START Exercise input

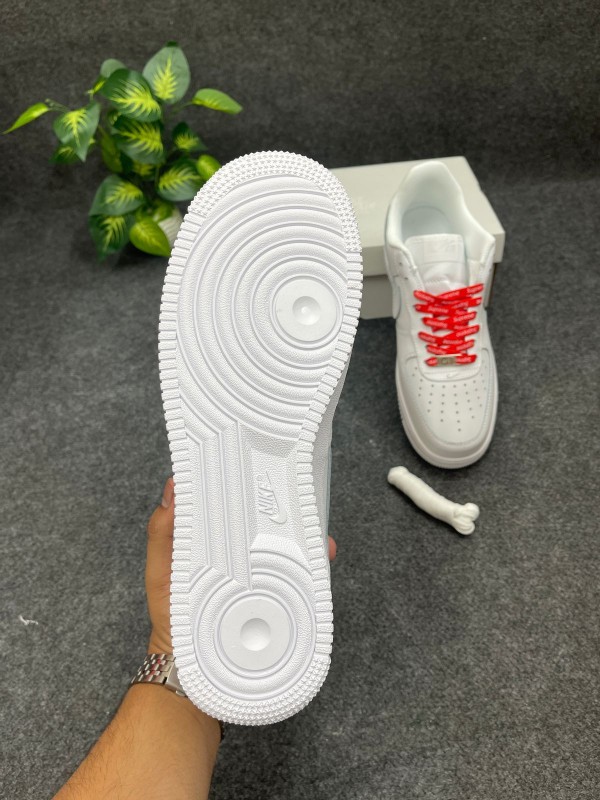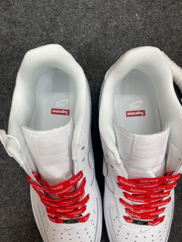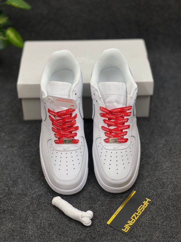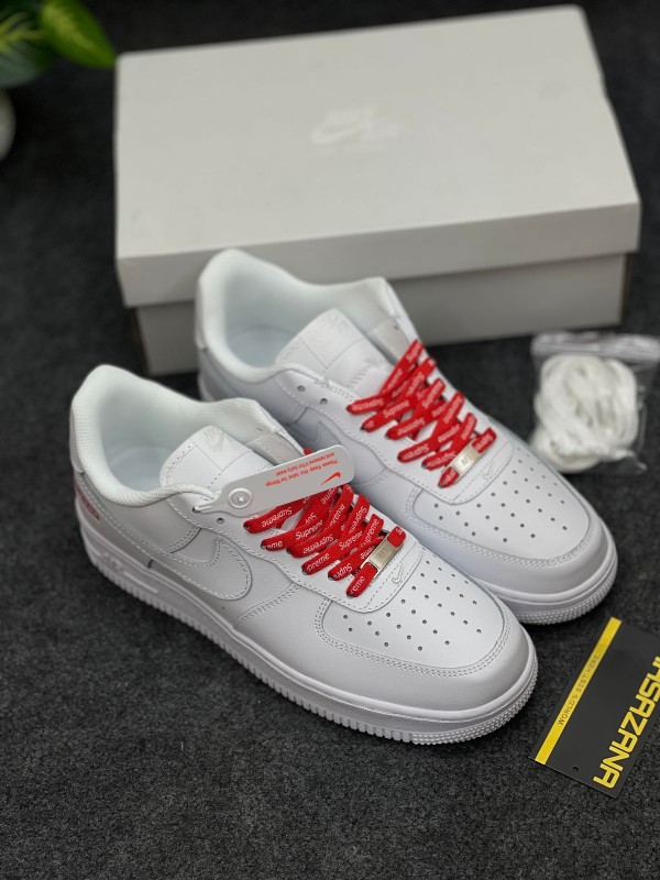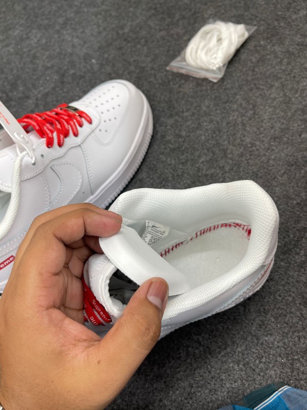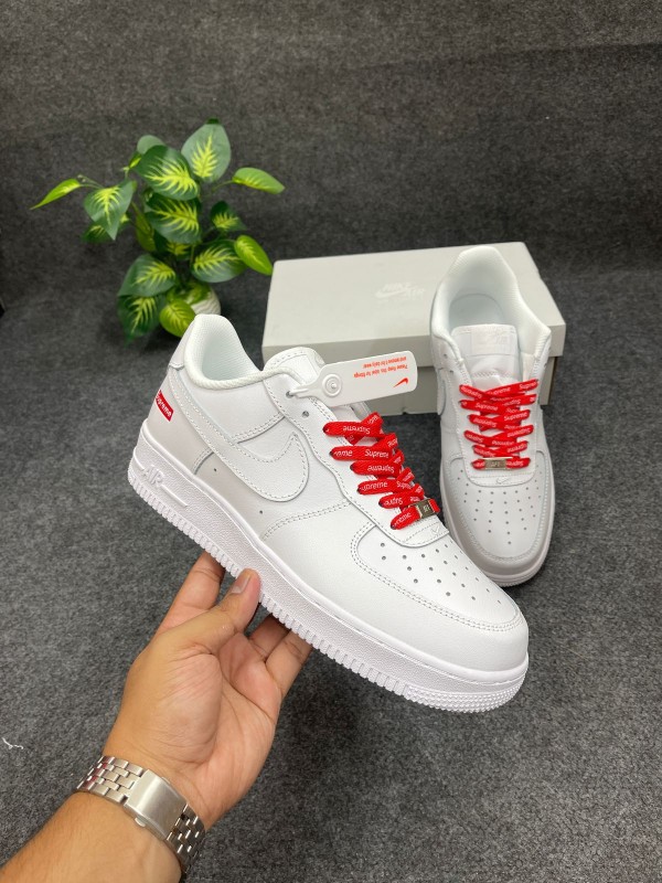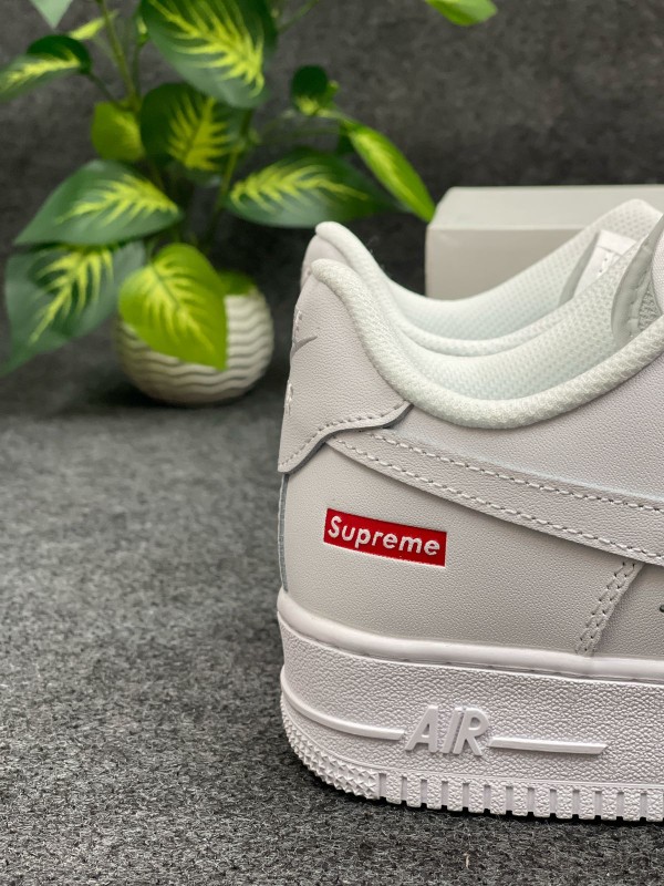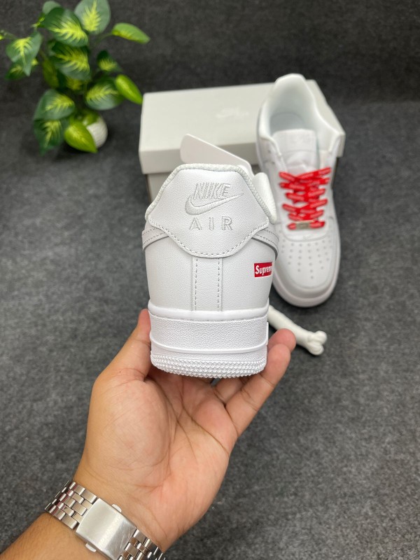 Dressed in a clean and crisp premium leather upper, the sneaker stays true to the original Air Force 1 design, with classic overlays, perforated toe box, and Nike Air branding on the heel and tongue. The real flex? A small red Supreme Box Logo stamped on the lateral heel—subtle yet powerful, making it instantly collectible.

END Exercise input
START Exercise input

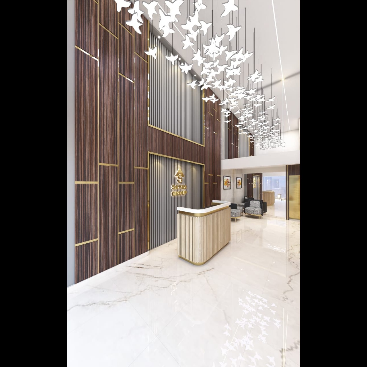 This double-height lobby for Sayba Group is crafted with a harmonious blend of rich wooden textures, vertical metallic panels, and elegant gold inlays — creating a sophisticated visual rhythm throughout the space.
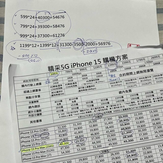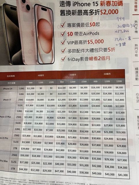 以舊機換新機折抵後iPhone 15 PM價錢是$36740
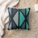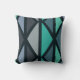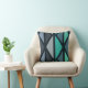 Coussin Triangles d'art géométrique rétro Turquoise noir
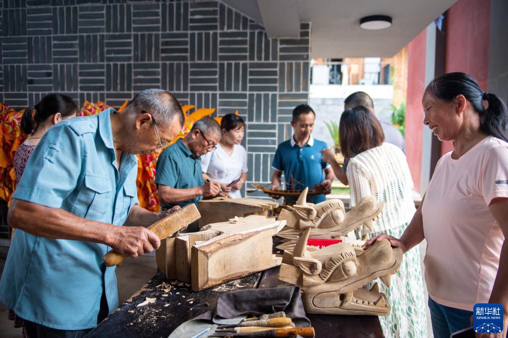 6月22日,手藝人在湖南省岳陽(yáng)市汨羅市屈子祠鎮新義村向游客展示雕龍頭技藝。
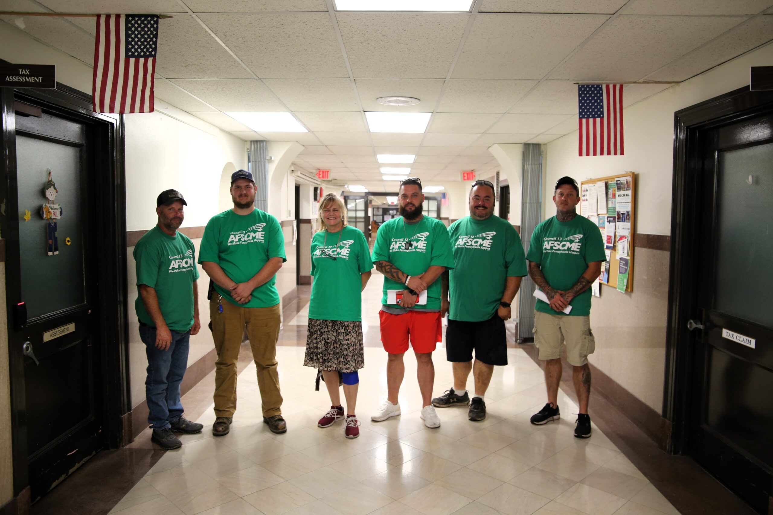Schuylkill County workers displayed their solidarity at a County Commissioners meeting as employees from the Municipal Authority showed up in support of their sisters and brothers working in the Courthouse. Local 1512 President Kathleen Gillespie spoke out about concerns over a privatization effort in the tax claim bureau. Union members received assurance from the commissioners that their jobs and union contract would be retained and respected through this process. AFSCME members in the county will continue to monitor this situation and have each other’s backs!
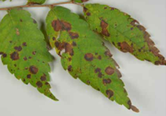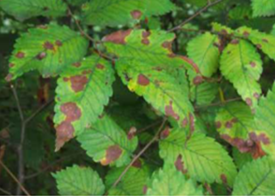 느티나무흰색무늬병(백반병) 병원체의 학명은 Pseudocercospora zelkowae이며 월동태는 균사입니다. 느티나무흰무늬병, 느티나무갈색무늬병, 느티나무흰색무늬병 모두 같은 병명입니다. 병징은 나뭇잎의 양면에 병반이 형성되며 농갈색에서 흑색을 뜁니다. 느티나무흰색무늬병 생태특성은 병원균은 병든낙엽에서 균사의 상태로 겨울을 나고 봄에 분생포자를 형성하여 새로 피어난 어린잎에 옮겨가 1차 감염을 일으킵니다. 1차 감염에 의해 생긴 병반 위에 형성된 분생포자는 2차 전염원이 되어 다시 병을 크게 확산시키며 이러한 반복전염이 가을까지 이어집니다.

END Exercise input
START Exercise input

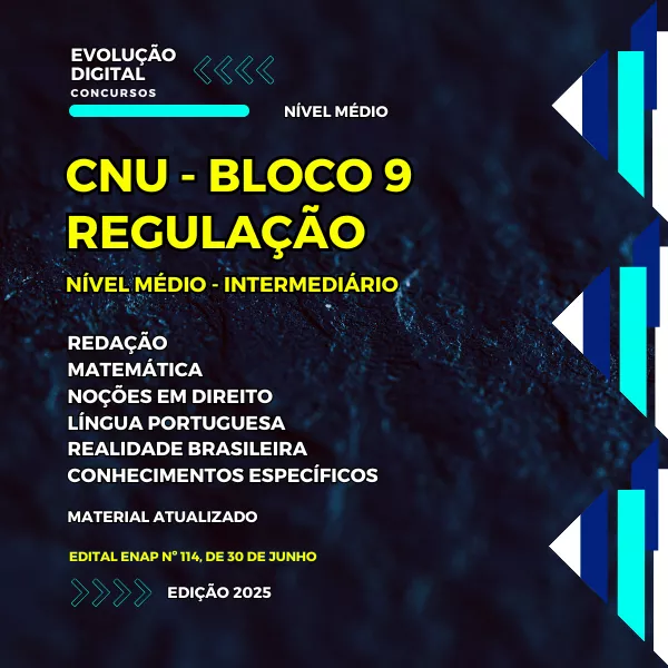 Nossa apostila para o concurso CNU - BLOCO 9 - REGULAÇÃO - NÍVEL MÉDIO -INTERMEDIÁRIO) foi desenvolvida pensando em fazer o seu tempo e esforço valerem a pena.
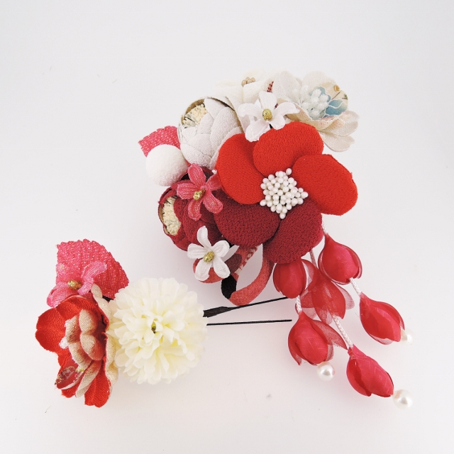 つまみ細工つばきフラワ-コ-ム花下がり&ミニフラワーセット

END Exercise input

Your task
For this exercise, transcribe exactly the part of the records above that opens with the line containing "This double-height lobby" and closes with the one containing "6月22日,手藝人在湖南省岳". Pictures are not part of the copy.

Reply to the exercise
 This double-height lobby for Sayba Group is crafted with a harmonious blend of rich wooden textures, vertical metallic panels, and elegant gold inlays — creating a sophisticated visual rhythm throughout the space.
 以舊機換新機折抵後iPhone 15 PM價錢是$36740
 Coussin Triangles d'art géométrique rétro Turquoise noir
 6月22日,手藝人在湖南省岳陽(yáng)市汨羅市屈子祠鎮新義村向游客展示雕龍頭技藝。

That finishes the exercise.